Tuesday, December 08, 2009

5 reasons to be happy in a terminal

I am not talking about an airport terminal, but about one of the terminal emulators which are provided by modern window managers, like gnome-terminal for Gnome and the similar Konsole for Kde, along with the minimal xterm. These are all unix applications but equivalent applications exist for other platforms like Windows, although their integration with the underlying operating system and with specific programs can be tricky.
Why should you, a software developer/engineer, want to pass most of your time in a dumb terminal instead of in a powerful and costly IDE? I have five reasons to convince you.
  • instant access to unix programs.
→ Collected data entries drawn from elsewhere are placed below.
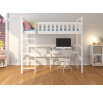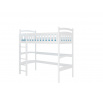 Postel na vyvýšeném patře MIAGO je patrová verze pro jedno dítě. Je to ideální řešení pro malé prostory. Horní část slouží jako pohodlné místo na spaní. Naopak, prostor pod postelí lze využít jako úložný prostor, místo pro práci nebo hraní. Součástí sady je odolný rám vyrobený z březové lamely typu FLEX. Matrace není součástí postele.
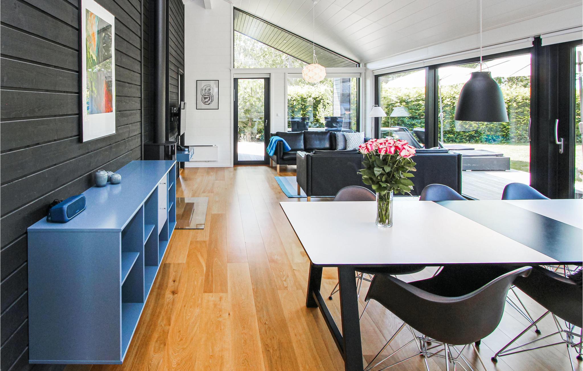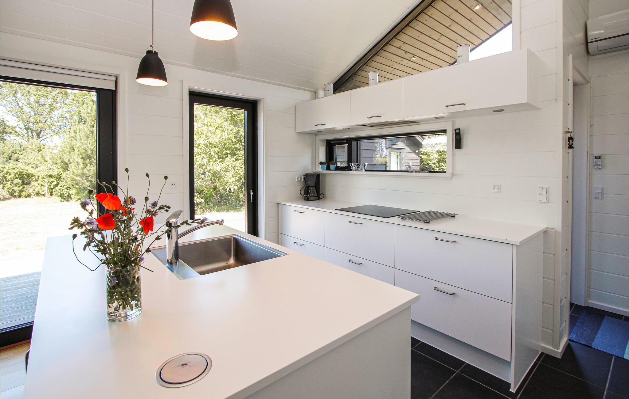 Entspannen Sie mit Ihren Lieben in diesem einladenden Haus, in dem auch an die Bedürfnisse der kleinsten Gäste gedacht ist. Genießen Sie einen fantastischen Blick auf die Sælvig Bucht durch die großflächigen Panoramafenster im Wohnbereich. In der offenen Küche macht das gemeinsame Kochen so richtig Spaß. Später können Sie am gemütlich bullernden Kaminofen zusammen sitzen, der wohlige Wärme verströmt, Geschichten erzählen und schon einmal Pläne für die kommenden Urlaubstage machen.
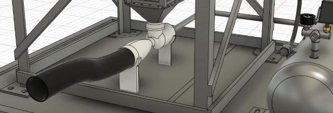 The hopper is attached on the trolley with venturi pumpatitsbasehopperhas2sectionsoneistheprimary hopper second is the secondary hopper. The primary hopper work as the storage for sand and the secondary hopper work as delivery mechanism for venturi pump. The the venturi pump is fixed at the bottom of the upper tothesecondaryhopperandattachedwith2pipesfirstis the intake pipe which comes from the pneumatic storage tankthesecondistheoutletpipewhichgoesthroughthe feelingnozzleforsand.Theintakepipeisconnectedtothe storage tank or compressor which will ideally provide a pressure of 15 to 20 PSI . The pressure can be generated
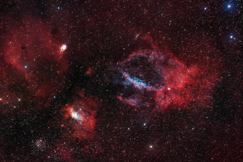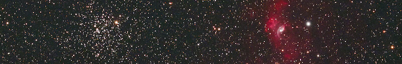 Der offene Sternhaufen M52 befindet sich im Sternbild Kassiopeia unmittelbar neben einer größeren H-Alpha Region, welche auch die Emissionsnebel NGC7635 (Blasen Nebel, gut erkennbar an seiner Form) und NGC7538 (Nördlicher Lagunennebel) enthält.
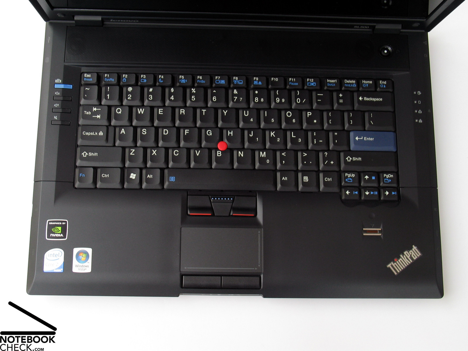 Die Tastatur unterscheidet sich ebenso von den höherwertigen Modellen. Dies gilt beispielsweise für das Tastenlayout, welches eine eher gedrängte Anordnung zeigt und nicht über die typische Thinkpad-Gruppierung einzelner Funktionstasten verfügt. Etwas Kosten reduzierend wirkt sich hierbei aus, dass in allen SL-Modellen offenbar dieselbe Tastatureinheit eingesetzt wird. Abgesehen von einer teils deutlichen Durchbiegung der Tastatur und einer klappernden Leertaste kann das SL500 aber in Bezug auf das Tippgefühl an die übrige Modellpalette einigermaßen anschließen.
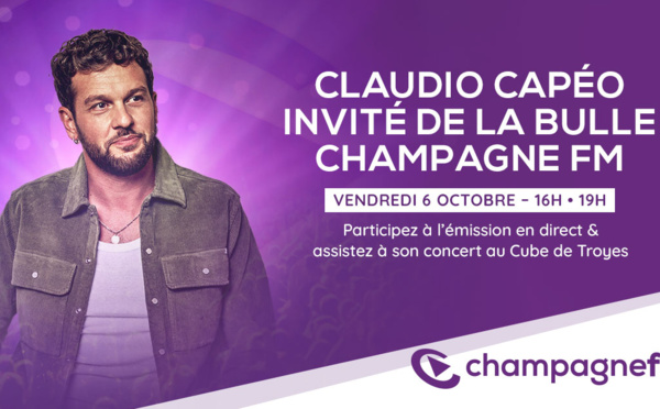 Champagne FM, la radio locale leader en Champagne-Ardenne et première locale à Troyes, annonce la venue de Claudio Capéo. Il sera l'invité de "La Bulle Champagne FM", ce vendredi 6 octobre, de 16h à 19h.
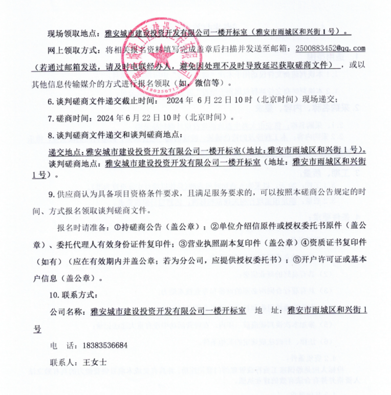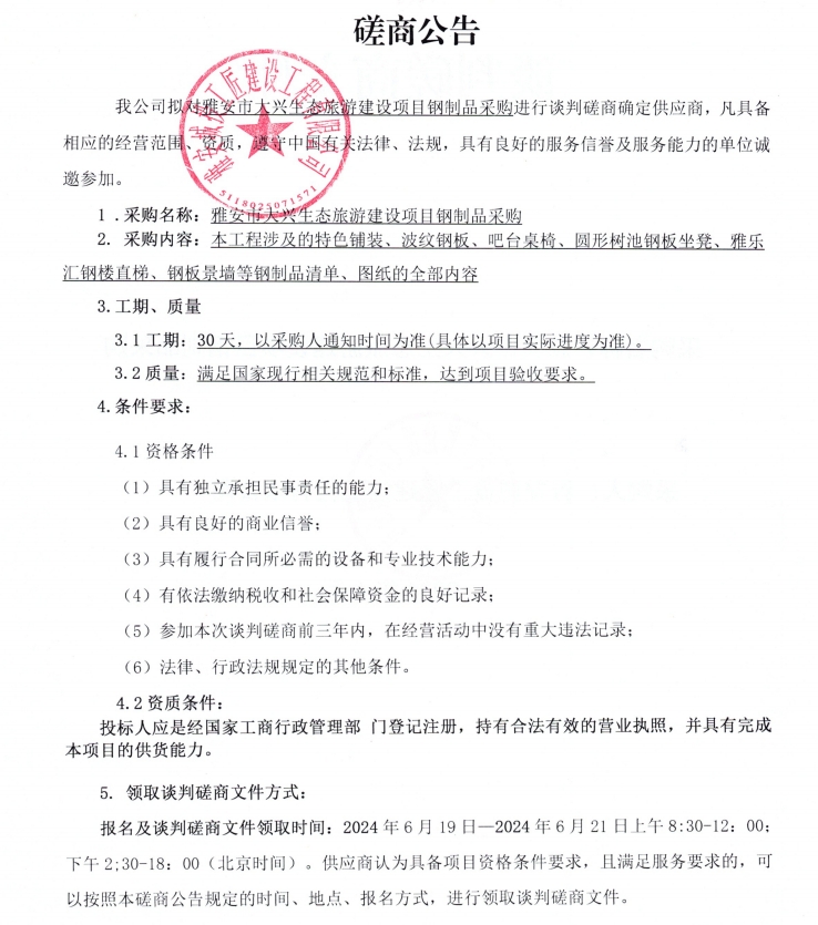 雅安市大興生態(tài)旅游建設(shè)項目鋼制品采購談判磋商公告
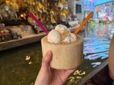 特に水上マーケットでの体験は凄くたのしかったです。200バーツの追加料金で乗れる手漕ぎボートを強くお勧めします。現地の方が操縦してくださる船に乗ってそのまま様々な工芸品や食べ物を眺めたり買ったりする経験は異国にいるのだと強く感じる瞬間でした。私は大蛇をクビに巻く体験と揚げたバナナ、ココナッツアイス、マンゴースティッキーライスを食べました!
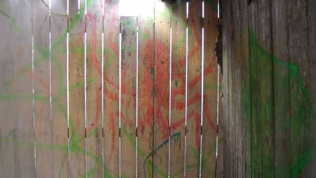Dejando el susto de ataúd que camina por un pasillo cubierto cortina iluminado con luz estroboscópica y luces negras, una araña calavera fluorescente está pintada en la pared lateral y otro corto pasillo que lleva al siguiente susto
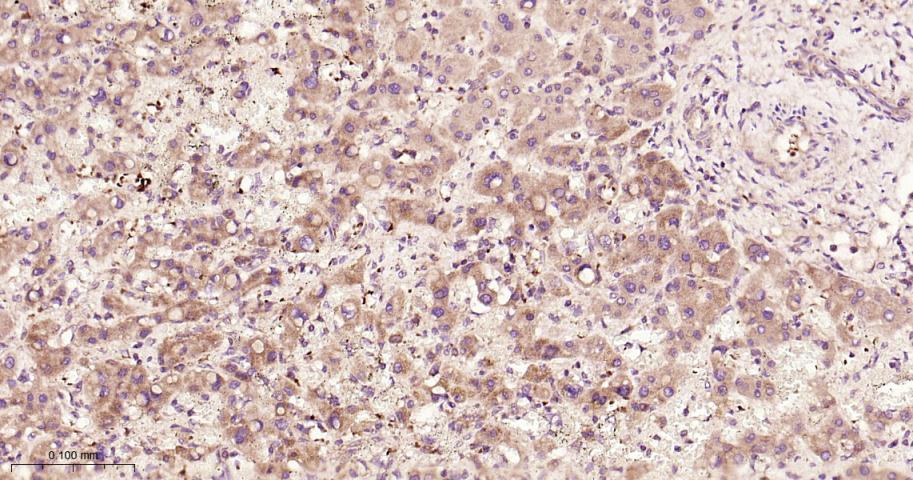 Paraformaldehyde-fixed, paraffin embedded Human Liver Cancer; Antigen retrieval by boiling in sodium citrate buffer (pH6.0) for 15 min; The section was incubated with CFH Polyclonal Antibody, Unconjugated (bs-9525R) at 1:200 overnight at 4°C, followed by conjugation to the bs-0295G-HRP and DAB (C-0010) staining.
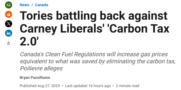 他声称,联邦政府的“清洁燃料法规”(CFR)将迫使加拿大人通过油价支付,把原本因碳税取消而省下的钱又交了回去。
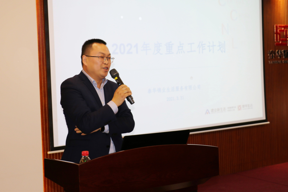 緊接著,泰華錦業(yè)生活常務(wù)副總經(jīng)理李亮亮圍繞泰華錦業(yè)生活2021年度重點工作計劃進行匯報。匯報中,李總明確了泰華錦業(yè)生活未來三年發(fā)展的核心業(yè)績指標,提出“穩(wěn)定主營收入、縱深推進增值服務(wù)”的經(jīng)營策略,“西進北上奔赴京津冀、擴大根據(jù)地”的市場發(fā)展戰(zhàn)略,同時圍繞聚焦融合、凝聚團隊、降本提質(zhì)增效,案場煥新行動、新長征100人才戰(zhàn)略、創(chuàng)新發(fā)展、對標學習、建業(yè)大服務(wù)體系體驗、行業(yè)課題研究以及紅色物業(yè)城市運營商等內(nèi)容進行匯報。
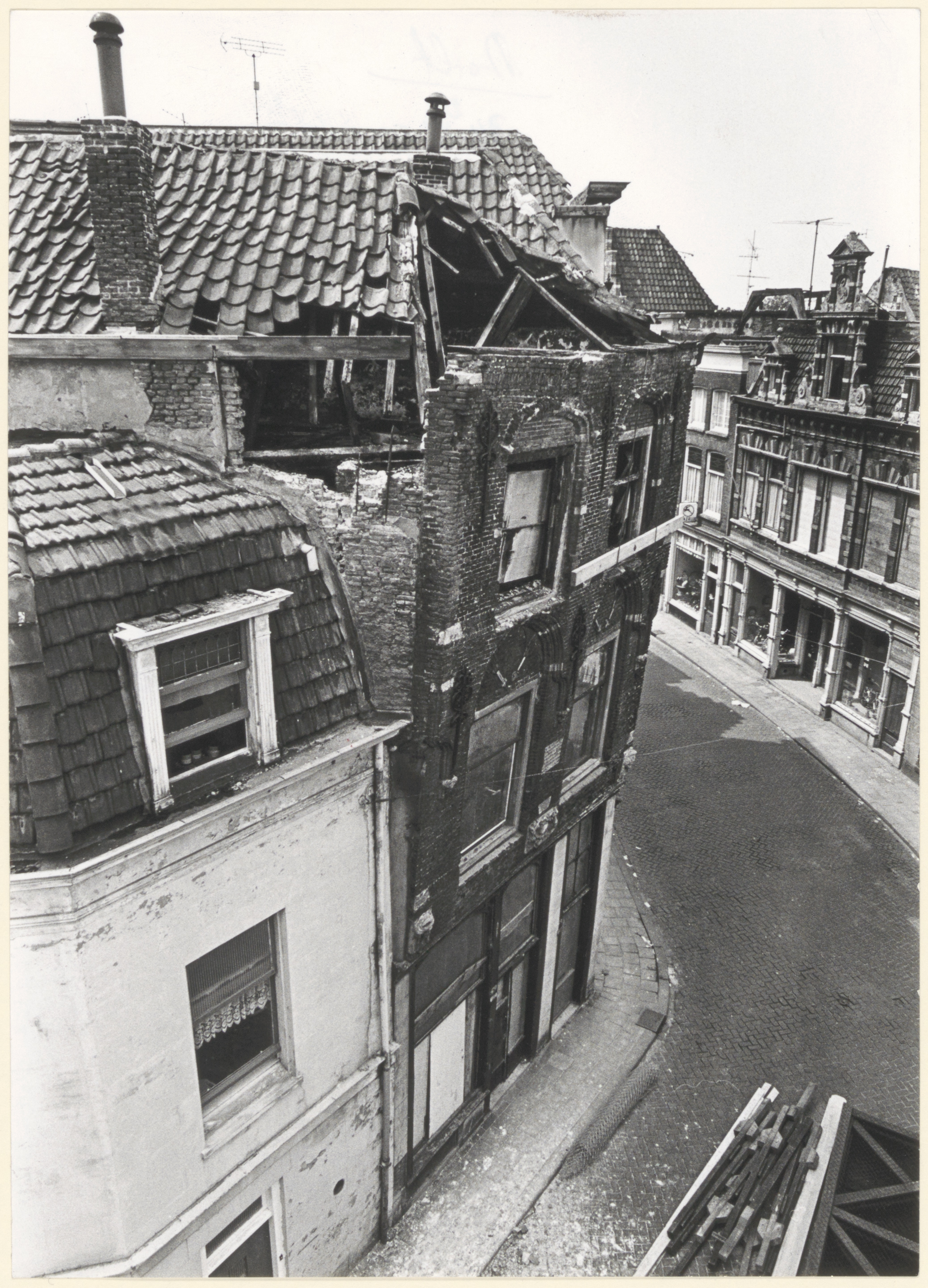 - Op instorten staande panden Riedijk 122 - 124. Rechts het begin van de Voorstraat naast het Melkpoortje.
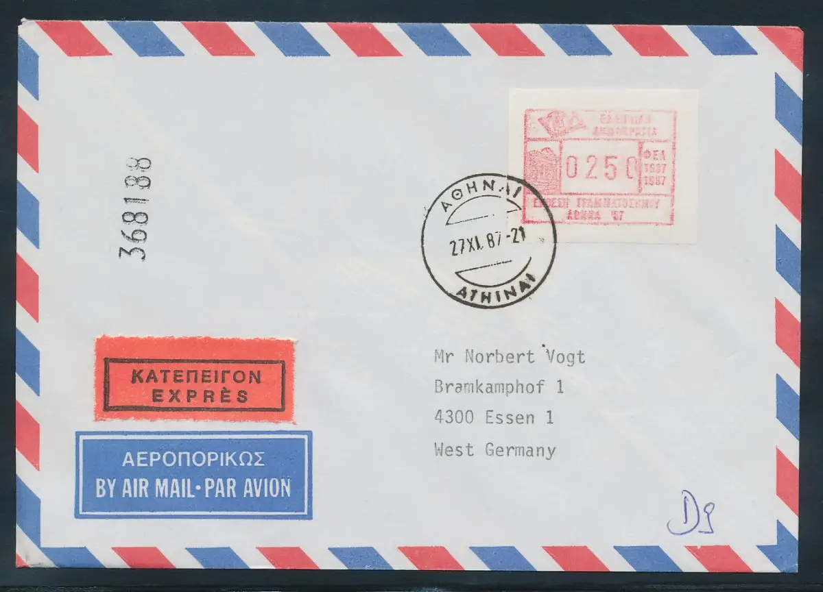 Griechenland: Frama-Sonder-ATM ATHEN'87 z-Papier Wert 0250 auf Express-Brief.

GUIs facilitate the job of naive users but the real power resides in the command line tools which perform the real work; moreover, cli programs can be chained in infinite ways using their universal plain text interface.
  • the classic 80x25 terminal has short lines and a short number of lines: too much logic in a line stands out because the line wraps on the subsequent one. Too long methods are spotted as well, because they don't fit in a single or double screen and require multiple scrolling.
  • transparent remoting with ssh. The same can be said for VNC, but it can be very slow and it's not always supported while many servers have a ssh daemon. It is so fast I did not notice the latency between my local machine and other boxes in my Lan, so I have given them different colored prompts to easily distinguish between environments.
  • uninterrupted flow; not using the mouse makes you move very quickly in the cli environment, once you know what to write and how to leverage the text- based tools.
  • every executed command is registered for possible future repetition and modification. Try record a procedure of 90 control panel clicks instead.
As a side note, thanks to history, it's also very simple to calculate statistics on which are the most popular commands you type on your development box:
[12:29:32][giorgio@Indy:~]$ history | awk '{print $2;}' | sort | uniq -c |
> sort -nr | head -n 10
   4924 vim
   1326 svn
    879 nakedphpunit    // it's an alias for phpunit --bootstrap=...
    616 sudo
    438 cd
    266 ls
    238 osstest_sqlite
    207 phing
    135 ./scripts/regenerate
    127 grep
Of course most of them were only typed the first time and then recalled. From these data you can infer that I use the command line interface a lot, and I've never been more productive. This statistic is a typical leverage of command line tools in a construct that took me less than a minute to write and that I can repeat whenever I want in a few seconds.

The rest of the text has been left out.